Berdasarkan siaran pers dari Pusat Penerangan Hukum Kejagung, 7 perkara tersebut berasal dari beberapa Kejaksaan Negeri (Kejari) diantaranya adalah: Kejari Aceh Utara, Gowa, Luwu, Sungai Penuh, Bireun, Bone dan Makasar.
Adapun alasan Jampidum, penghentian penuntutan berdasarkan keadilan restoratif ini diberikan antara lain, tersangka baru pertama kali melakukan tindak pidana.
Pasal yang disangkakan tindak pidananya diancam pidana tidak lebih dari 5 (lima) tahun dan telah ada kesepakatan perdamaian antara tersangka dengan korban.
Proses penegakan hukum melalui pendekatan keadilan restorative dalam penyelesaian perkara tindak pidana yang dilakukan Kejaksaan mengacu pada Perja No.15 Tahun 2020.
Peraturan ini adalah salah satu inovasi dari Jaksa Agung RI, ST Burhanuddin, untuk memberikan kepastian hukum bagi kalangan masyarakat biasa.
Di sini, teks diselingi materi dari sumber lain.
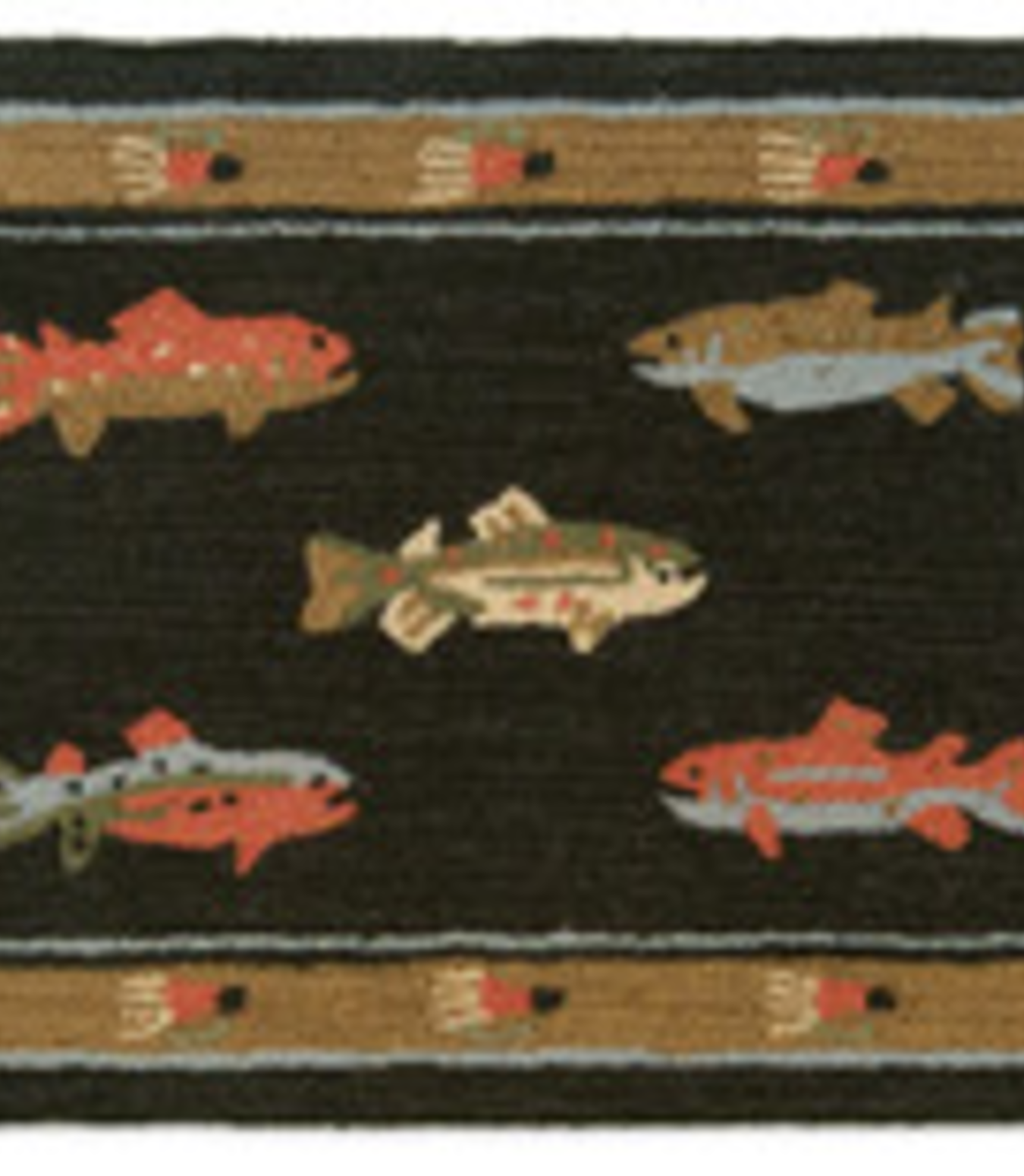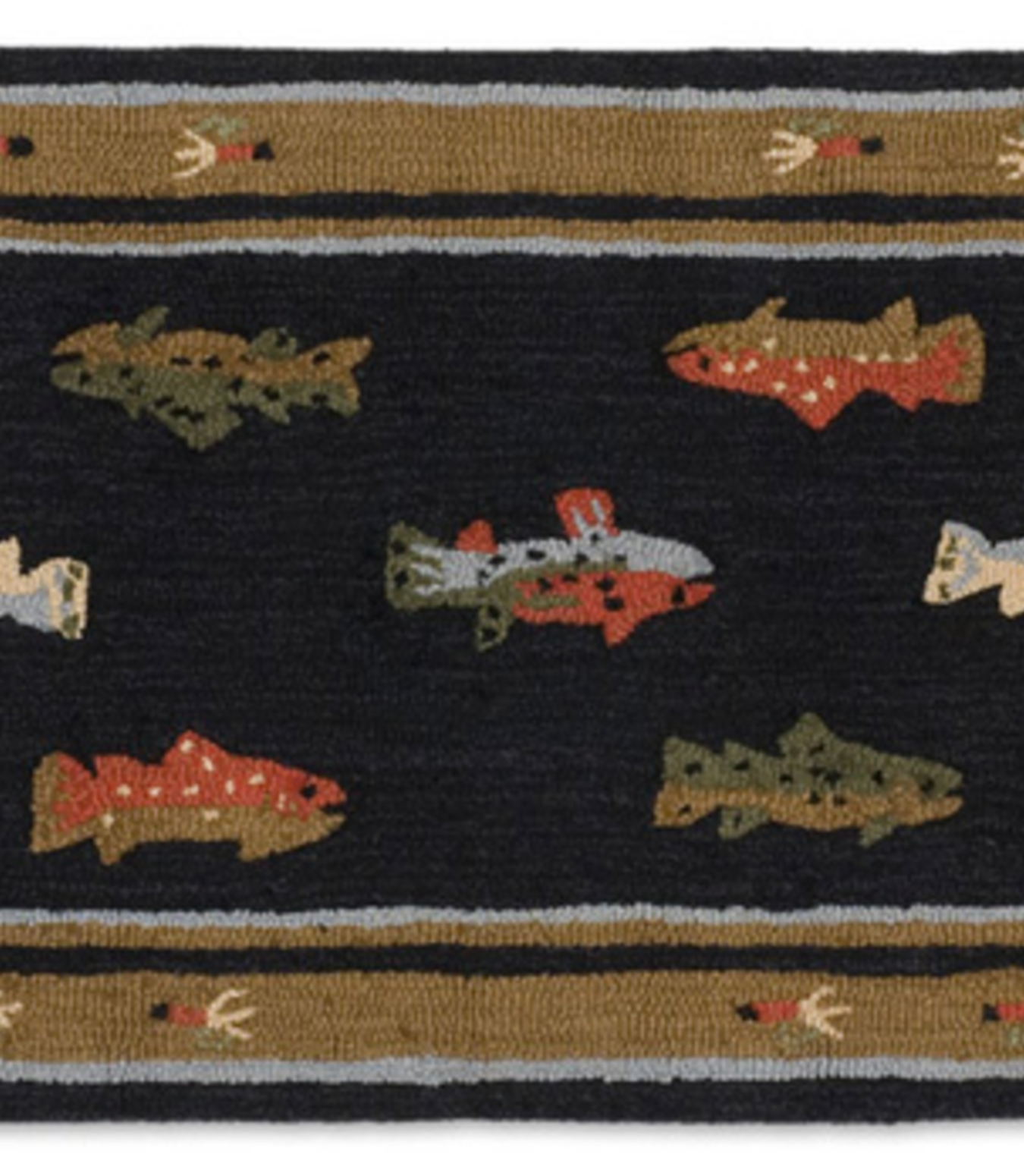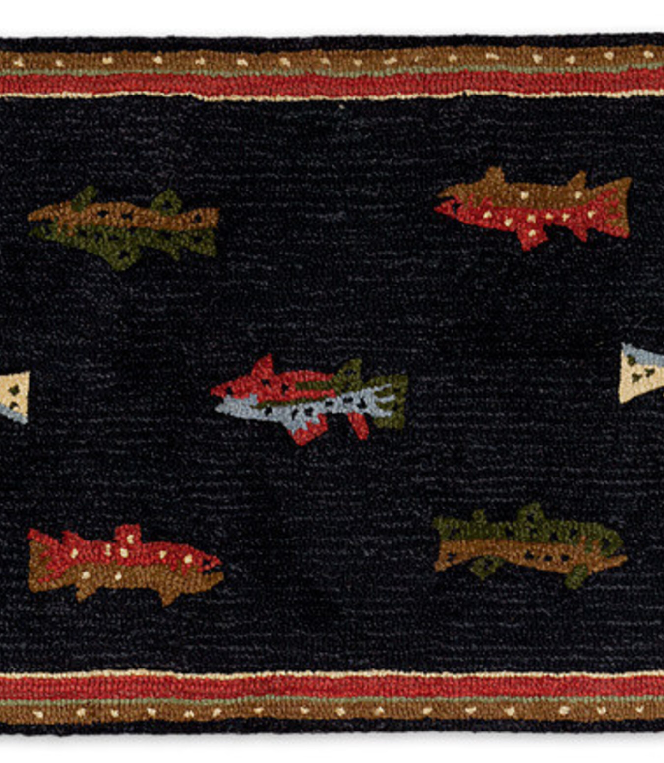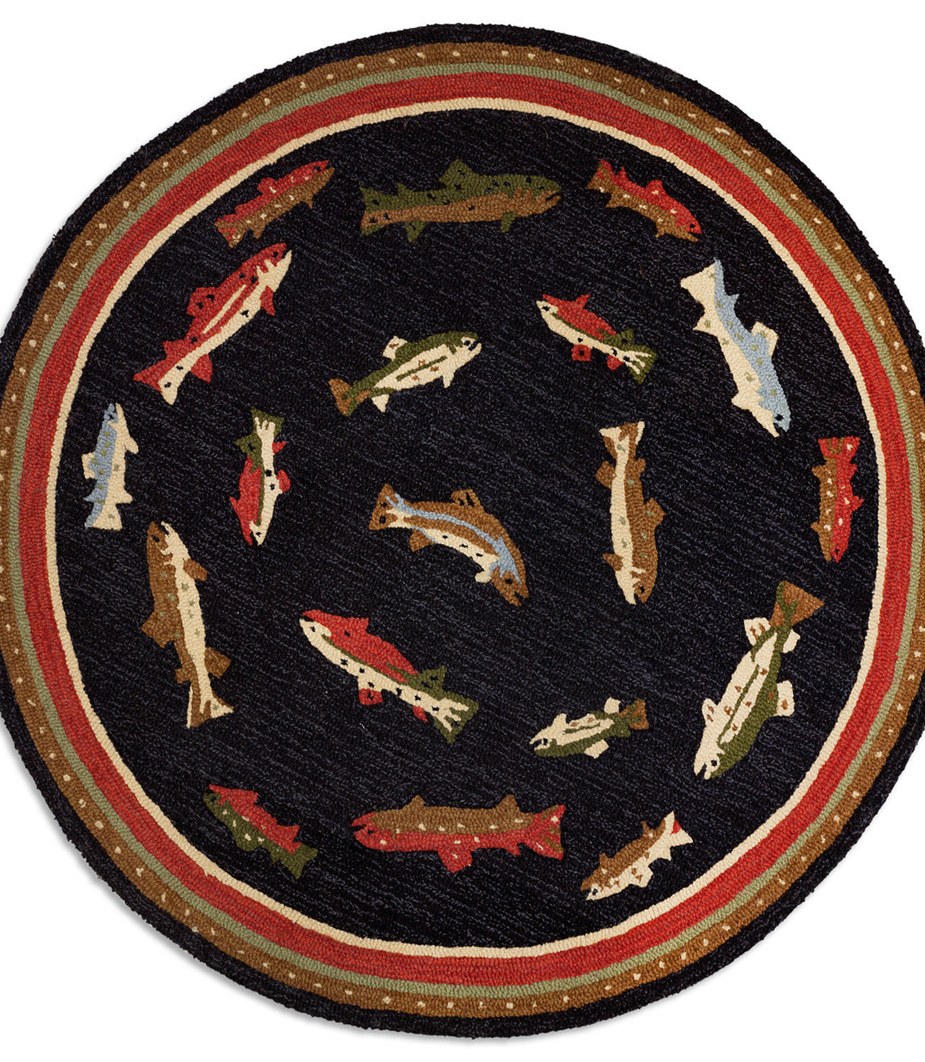 A sampling of river fish dot our favorited hooked rug. A perfect addition to your waterfront home.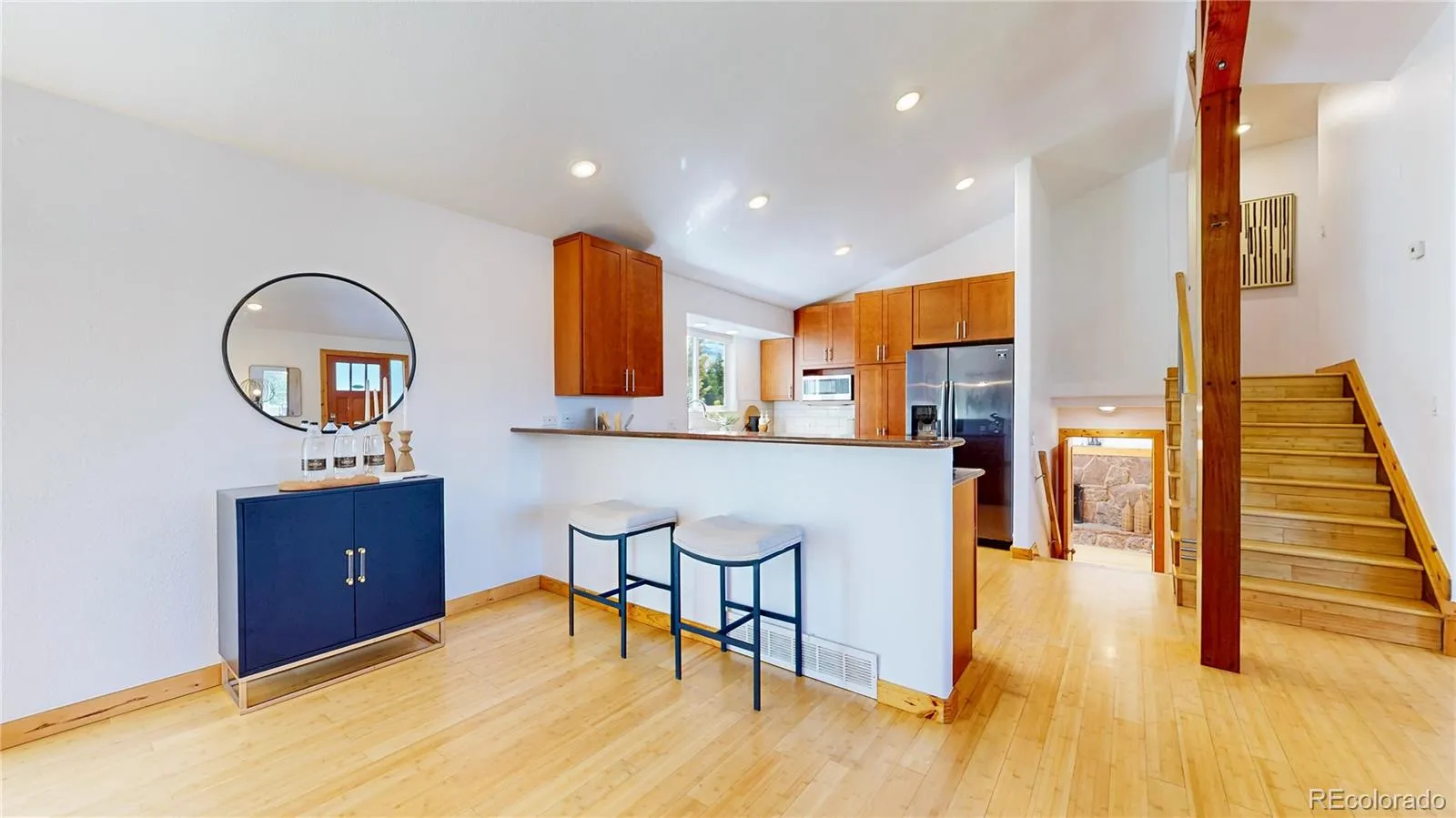 Modern rustic charm meets thoughtful updates in this gorgeous corner-lot home! Step inside to vaulted ceilings with pastoral beams and a light-filled, open-concept floor plan that seamlessly connects the kitchen, dining, and living room spaces. The kitchen features mahogany cabinetry, granite countertops, bar seating, and a stylish backsplash. Refinished bamboo floors run throughout most of the home, complemented by solid rustic doors and trim.

Sebab, definisi keadilan Restoratif yaitu penyelesaian perkara tindak pidana dengan melibatkan pelaku, korban, keluarga pelaku/korban, dan pihak lain yang terkait untuk bersama-sama mencari penyelesaian yang adil dengan menekankan pemulihan kembali pada keadaan semula, dan bukan pembalasan.
Penghentian penuntutan berdasarkan keadilan restorative dilaksanakan dengan asas keadilan, kepentingan umum, proporsionalitas, pidana sebagai jalan terakhir, cepat sederhana dan biaya ringan. (Mulis).